* Activity *
In the data below, find the line containing "Вот сфотала результаты" and the line containing "- کیفیت برجسته: گوتا", then reproduce them and every line between, exactly. Omit pictures.

□ □ □ □ □ □ □

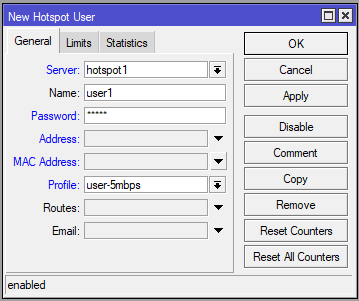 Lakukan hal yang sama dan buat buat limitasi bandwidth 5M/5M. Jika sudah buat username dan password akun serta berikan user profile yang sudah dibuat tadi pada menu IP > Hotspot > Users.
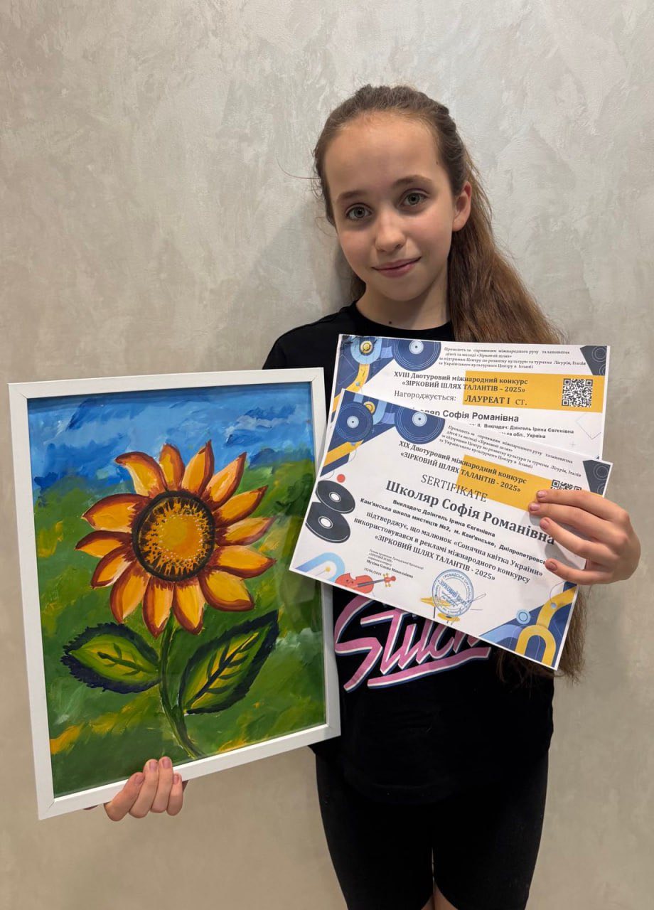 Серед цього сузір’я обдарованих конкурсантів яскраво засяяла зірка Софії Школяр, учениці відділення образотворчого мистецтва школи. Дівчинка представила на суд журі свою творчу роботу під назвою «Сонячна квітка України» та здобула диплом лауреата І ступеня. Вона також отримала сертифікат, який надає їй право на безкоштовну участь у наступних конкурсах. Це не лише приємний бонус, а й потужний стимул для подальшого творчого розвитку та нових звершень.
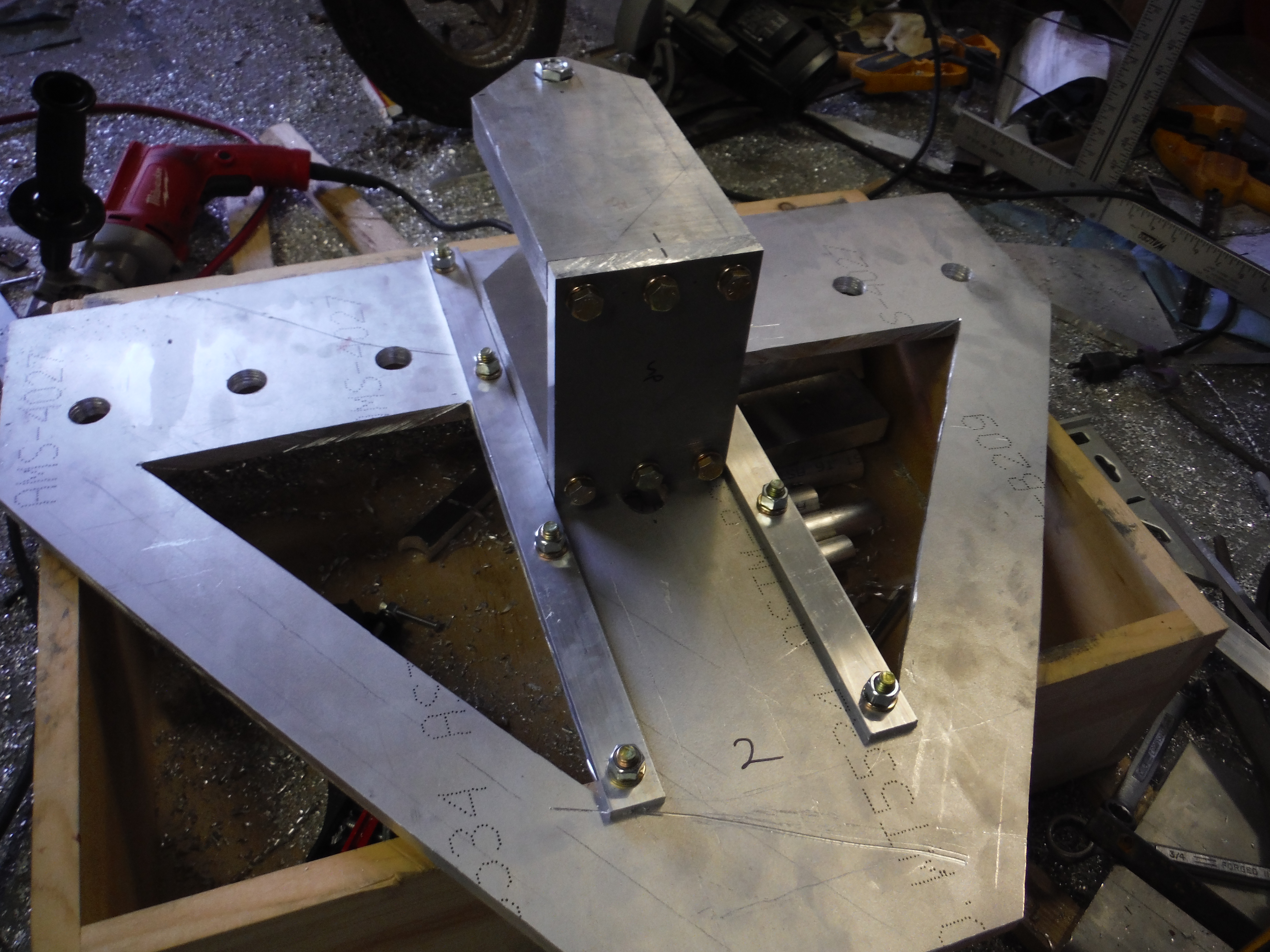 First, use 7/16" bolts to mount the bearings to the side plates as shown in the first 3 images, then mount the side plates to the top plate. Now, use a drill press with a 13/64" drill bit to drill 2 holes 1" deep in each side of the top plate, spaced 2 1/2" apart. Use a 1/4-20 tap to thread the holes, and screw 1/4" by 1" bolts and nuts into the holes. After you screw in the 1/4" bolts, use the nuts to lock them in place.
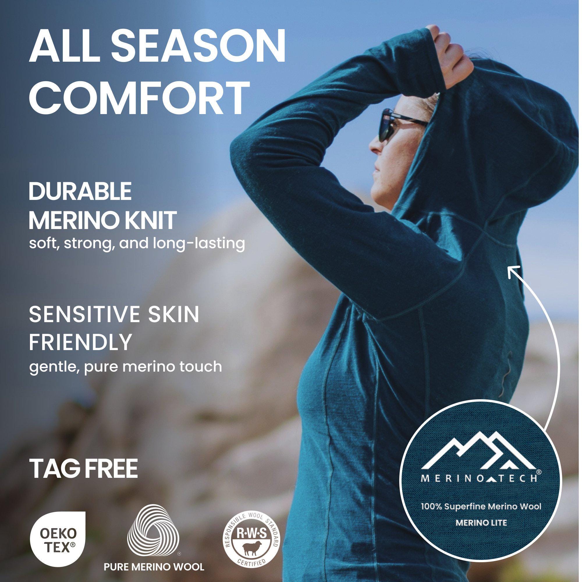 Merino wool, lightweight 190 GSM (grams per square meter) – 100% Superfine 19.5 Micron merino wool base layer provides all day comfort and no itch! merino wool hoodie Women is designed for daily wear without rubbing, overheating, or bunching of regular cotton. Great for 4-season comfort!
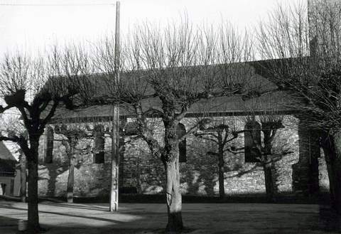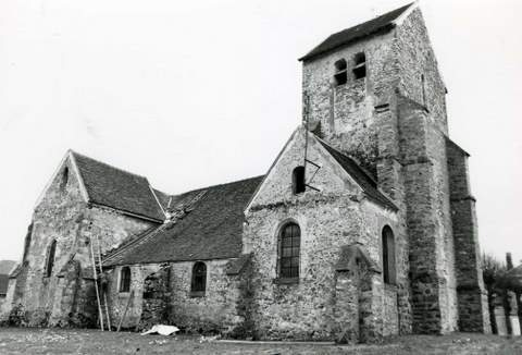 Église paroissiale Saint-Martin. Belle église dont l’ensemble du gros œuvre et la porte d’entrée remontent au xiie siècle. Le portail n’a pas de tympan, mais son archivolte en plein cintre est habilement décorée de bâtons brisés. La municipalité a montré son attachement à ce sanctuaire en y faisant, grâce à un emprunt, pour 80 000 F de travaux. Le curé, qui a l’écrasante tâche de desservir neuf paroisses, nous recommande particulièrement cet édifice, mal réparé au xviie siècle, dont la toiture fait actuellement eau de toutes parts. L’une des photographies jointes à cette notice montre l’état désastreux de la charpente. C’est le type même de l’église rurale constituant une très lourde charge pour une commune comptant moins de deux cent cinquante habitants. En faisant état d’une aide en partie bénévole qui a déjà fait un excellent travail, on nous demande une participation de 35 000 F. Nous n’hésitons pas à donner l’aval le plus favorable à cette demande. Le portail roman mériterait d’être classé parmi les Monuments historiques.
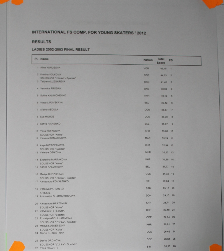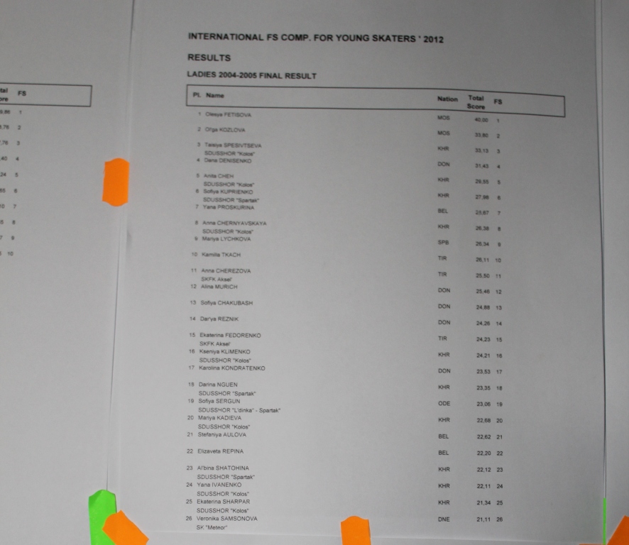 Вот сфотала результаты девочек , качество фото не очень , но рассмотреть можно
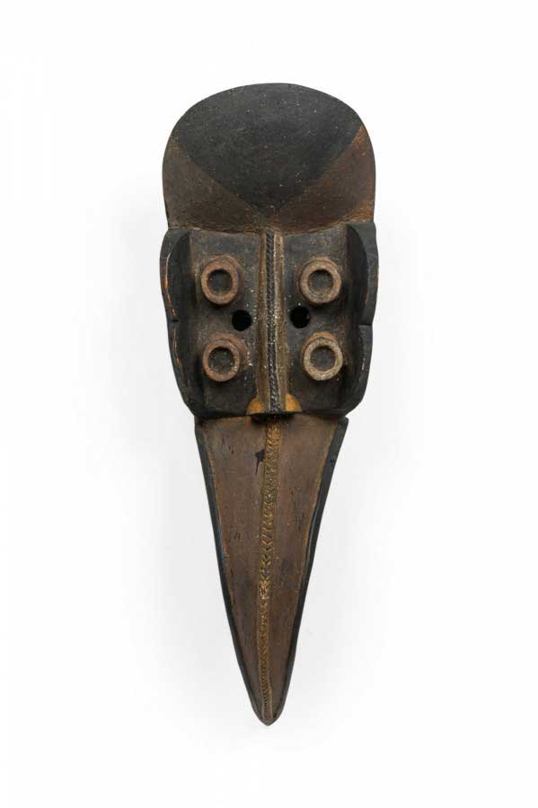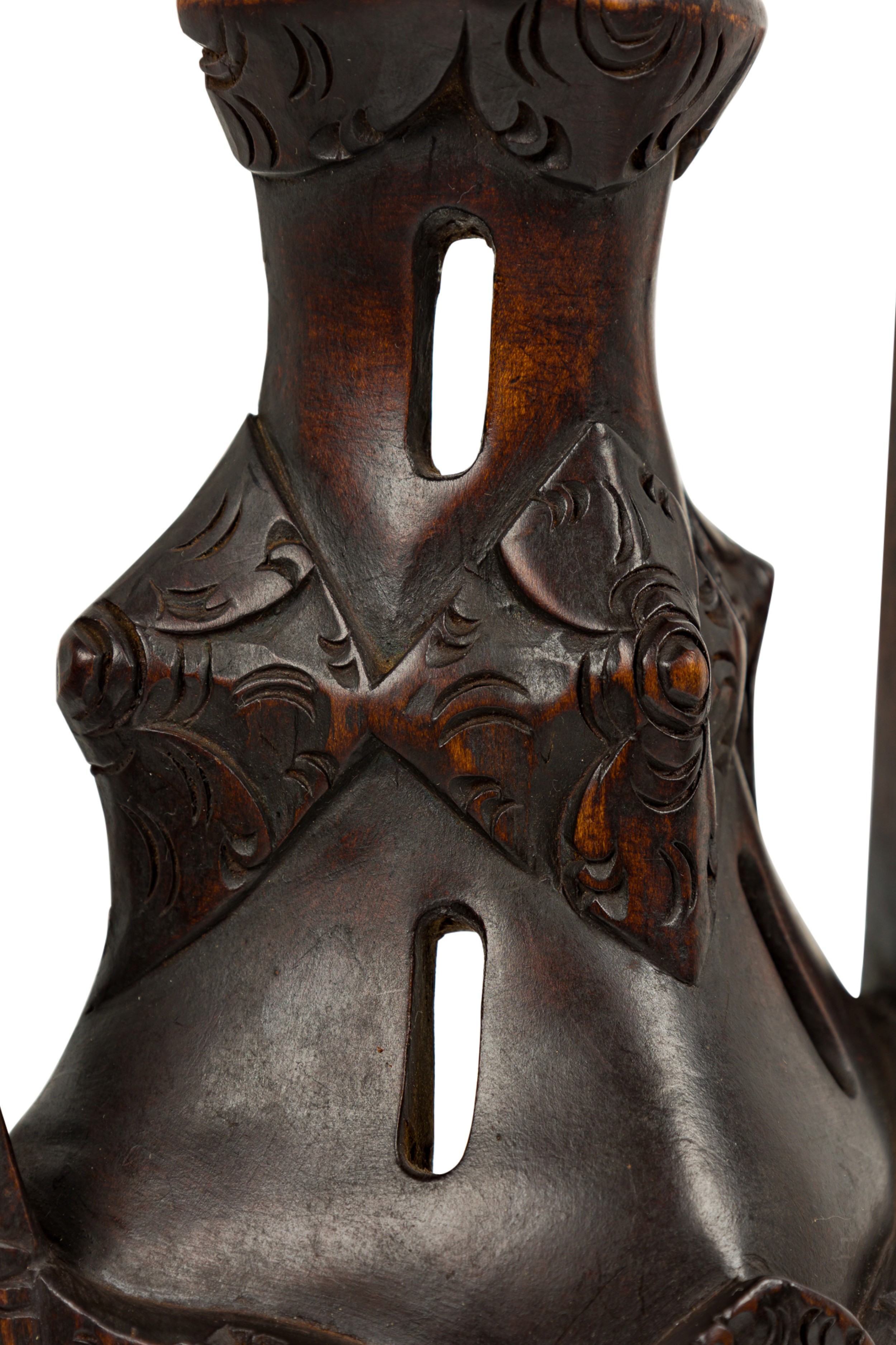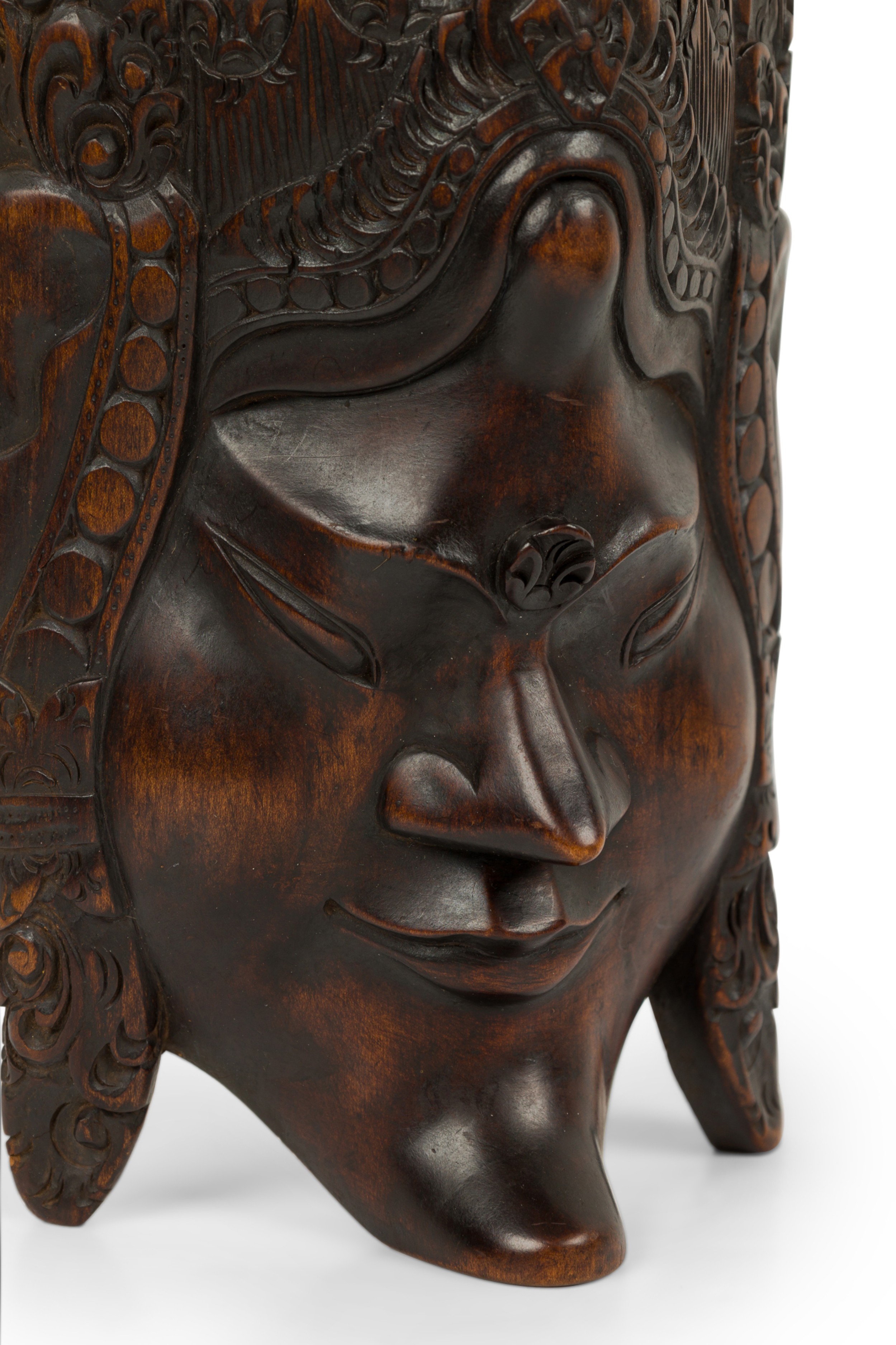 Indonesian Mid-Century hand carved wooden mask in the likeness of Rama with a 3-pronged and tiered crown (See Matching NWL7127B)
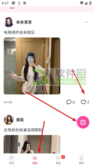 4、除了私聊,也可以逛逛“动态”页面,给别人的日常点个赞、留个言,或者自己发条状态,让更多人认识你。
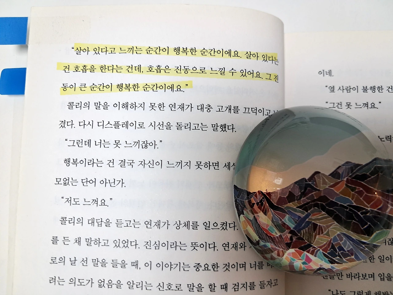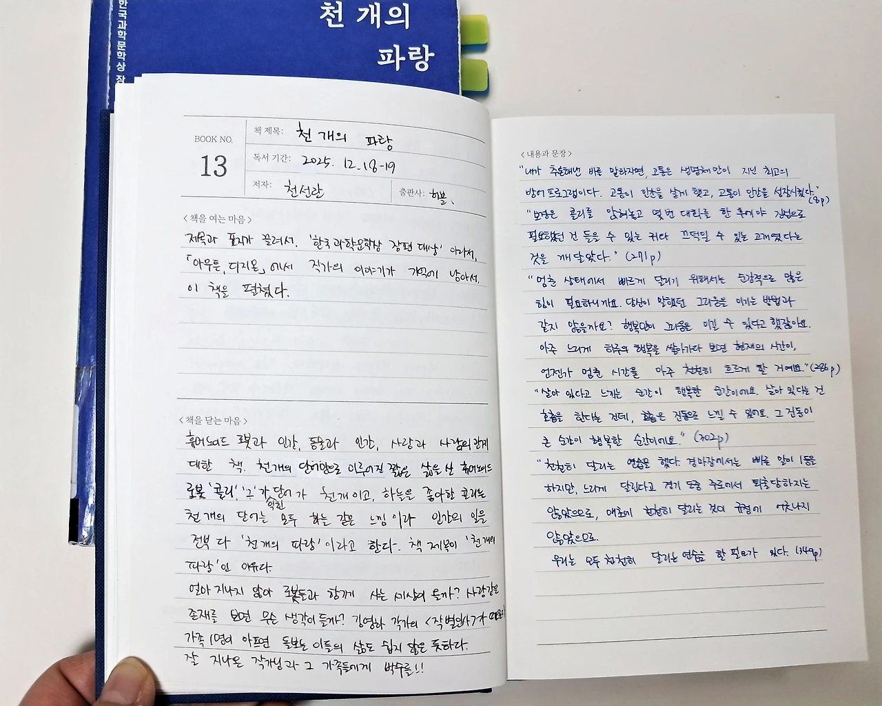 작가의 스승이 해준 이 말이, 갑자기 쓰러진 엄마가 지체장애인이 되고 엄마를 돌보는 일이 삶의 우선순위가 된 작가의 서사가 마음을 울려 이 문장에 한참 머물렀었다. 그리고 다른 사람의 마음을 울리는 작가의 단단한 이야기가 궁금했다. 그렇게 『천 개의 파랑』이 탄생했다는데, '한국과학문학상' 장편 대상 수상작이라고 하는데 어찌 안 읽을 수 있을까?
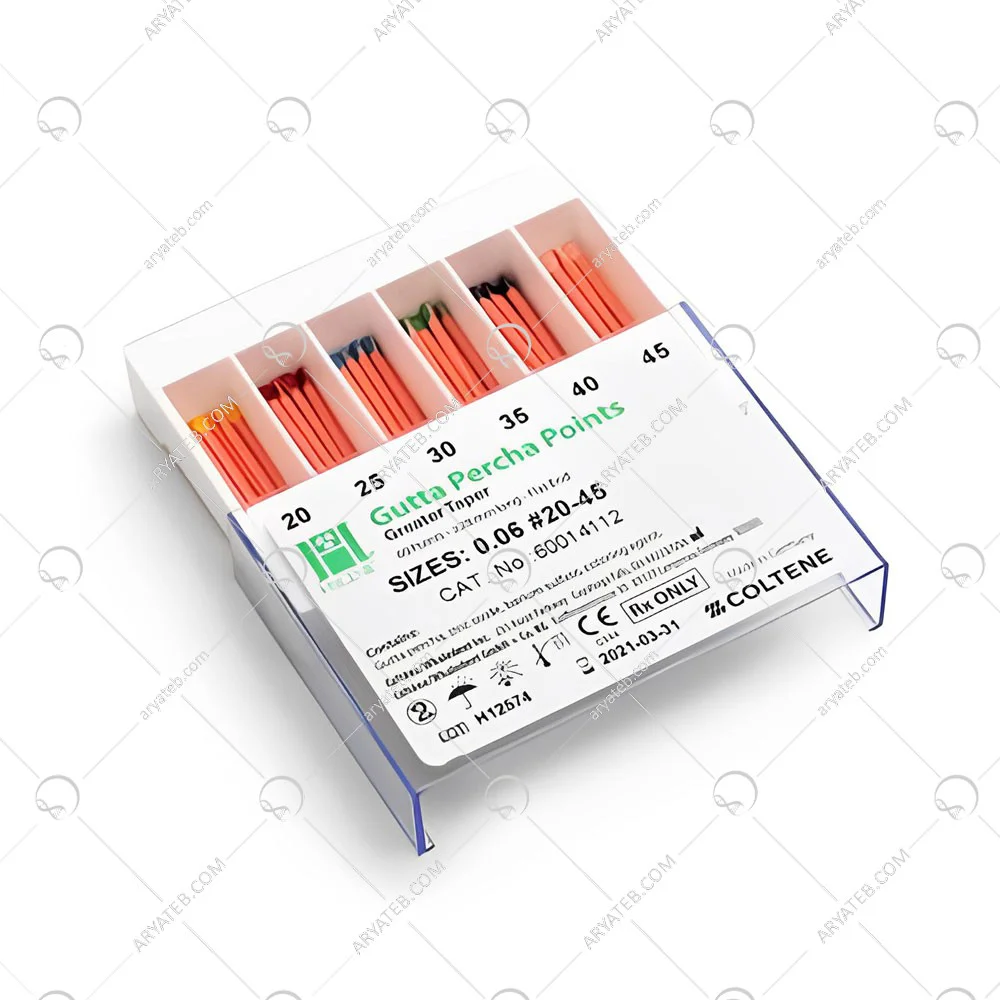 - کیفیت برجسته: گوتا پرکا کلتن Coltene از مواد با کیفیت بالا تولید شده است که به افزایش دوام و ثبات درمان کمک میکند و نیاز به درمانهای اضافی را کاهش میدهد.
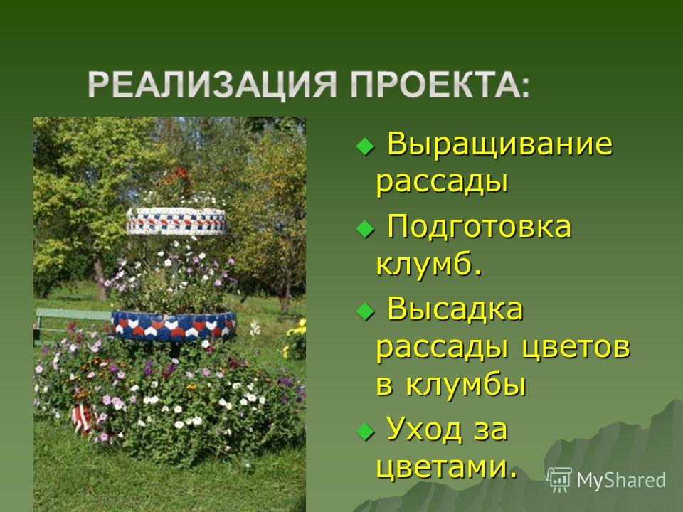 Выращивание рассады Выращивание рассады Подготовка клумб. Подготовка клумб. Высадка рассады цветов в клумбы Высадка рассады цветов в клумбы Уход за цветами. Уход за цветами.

□ □ □ □ □ □ □

* Solution to this exercise *
 Вот сфотала результаты девочек , качество фото не очень , но рассмотреть можно
 Indonesian Mid-Century hand carved wooden mask in the likeness of Rama with a 3-pronged and tiered crown (See Matching NWL7127B)
 4、除了私聊,也可以逛逛“动态”页面,给别人的日常点个赞、留个言,或者自己发条状态,让更多人认识你。
 작가의 스승이 해준 이 말이, 갑자기 쓰러진 엄마가 지체장애인이 되고 엄마를 돌보는 일이 삶의 우선순위가 된 작가의 서사가 마음을 울려 이 문장에 한참 머물렀었다. 그리고 다른 사람의 마음을 울리는 작가의 단단한 이야기가 궁금했다. 그렇게 『천 개의 파랑』이 탄생했다는데, '한국과학문학상' 장편 대상 수상작이라고 하는데 어찌 안 읽을 수 있을까?
 - کیفیت برجسته: گوتا پرکا کلتن Coltene از مواد با کیفیت بالا تولید شده است که به افزایش دوام و ثبات درمان کمک میکند و نیاز به درمانهای اضافی را کاهش میدهد.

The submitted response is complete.